Westliche Träumereien über arabische Revolten

BildDie Aufstände in der arabischen Welt verursachen auch hierzulande einen nicht zu unterschätzenden Eifer: Deutsche Zeitungen jubeln mit den Rebellen und beschwören den Anbeginn einer Revolution, die hervorbringen soll, was der Westen unter Freiheit versteht. Die deutsche "Zeit" bildet auf ihrer Titelseite symbolträchtig eine strahlende Kopftuchträgerin mit einer Friedenstaube ab – "Die Chance für uns" steht groß daneben. Ist die vom Islam ausgehende potentielle Gefahr für unsere Kultur so groß, dass der Zeitpunkt derer vorübergehenden Zerrüttung für eine Eroberung genutzt werden muss?

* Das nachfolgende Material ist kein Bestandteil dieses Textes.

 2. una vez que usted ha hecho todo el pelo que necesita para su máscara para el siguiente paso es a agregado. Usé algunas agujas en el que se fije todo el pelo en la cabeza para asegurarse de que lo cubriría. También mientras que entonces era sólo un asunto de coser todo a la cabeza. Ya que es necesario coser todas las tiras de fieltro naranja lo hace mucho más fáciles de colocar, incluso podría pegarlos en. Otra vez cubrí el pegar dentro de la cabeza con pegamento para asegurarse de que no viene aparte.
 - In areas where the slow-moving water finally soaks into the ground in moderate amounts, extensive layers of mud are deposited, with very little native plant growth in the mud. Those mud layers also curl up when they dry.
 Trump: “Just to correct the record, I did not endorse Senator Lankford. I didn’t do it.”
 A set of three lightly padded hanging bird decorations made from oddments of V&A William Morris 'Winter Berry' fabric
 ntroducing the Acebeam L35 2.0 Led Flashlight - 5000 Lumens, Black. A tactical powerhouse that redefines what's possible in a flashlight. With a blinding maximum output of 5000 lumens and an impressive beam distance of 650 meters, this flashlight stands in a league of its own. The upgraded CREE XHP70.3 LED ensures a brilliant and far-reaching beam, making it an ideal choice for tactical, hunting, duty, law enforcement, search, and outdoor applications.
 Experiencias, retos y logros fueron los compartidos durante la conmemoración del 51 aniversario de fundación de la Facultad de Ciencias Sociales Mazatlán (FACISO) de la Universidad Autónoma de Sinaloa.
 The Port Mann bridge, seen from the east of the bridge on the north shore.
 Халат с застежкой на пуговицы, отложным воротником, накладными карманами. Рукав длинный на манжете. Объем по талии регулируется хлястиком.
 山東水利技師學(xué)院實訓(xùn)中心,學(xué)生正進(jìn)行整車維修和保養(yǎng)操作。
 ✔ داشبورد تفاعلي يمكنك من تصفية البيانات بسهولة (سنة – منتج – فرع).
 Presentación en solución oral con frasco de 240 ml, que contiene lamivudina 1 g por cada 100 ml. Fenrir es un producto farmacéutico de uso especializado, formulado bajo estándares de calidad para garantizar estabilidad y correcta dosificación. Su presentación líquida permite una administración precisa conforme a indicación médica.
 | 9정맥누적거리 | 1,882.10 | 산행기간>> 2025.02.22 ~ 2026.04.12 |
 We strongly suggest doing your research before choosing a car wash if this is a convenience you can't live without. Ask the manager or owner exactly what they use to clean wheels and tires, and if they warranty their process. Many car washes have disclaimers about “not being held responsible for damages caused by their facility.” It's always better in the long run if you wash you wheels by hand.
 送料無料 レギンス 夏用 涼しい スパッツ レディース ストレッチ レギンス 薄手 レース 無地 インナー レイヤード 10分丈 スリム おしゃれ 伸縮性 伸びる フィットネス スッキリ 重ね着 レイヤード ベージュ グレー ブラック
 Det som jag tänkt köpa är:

Kairo 2011 wird im gleichen Atemzug mit dem Prager Frühling und dem Fall der Berliner Mauer genannt – Ereignisse, in denen die westliche Demokratie über den damaligen Feind, den Kommunismus, triumphierten. Tatsächlich wird ein amerikanischer Politwissenschaftler zitiert, der das amerikanische Gesellschaftsmodell als "glückliche Verbindung zwischen Demokratie und Kapitalismus" zum Sieger kürt und die Ära der Kriege für beendet erklärt: Die Welt würde "frei und demokratisch" werden.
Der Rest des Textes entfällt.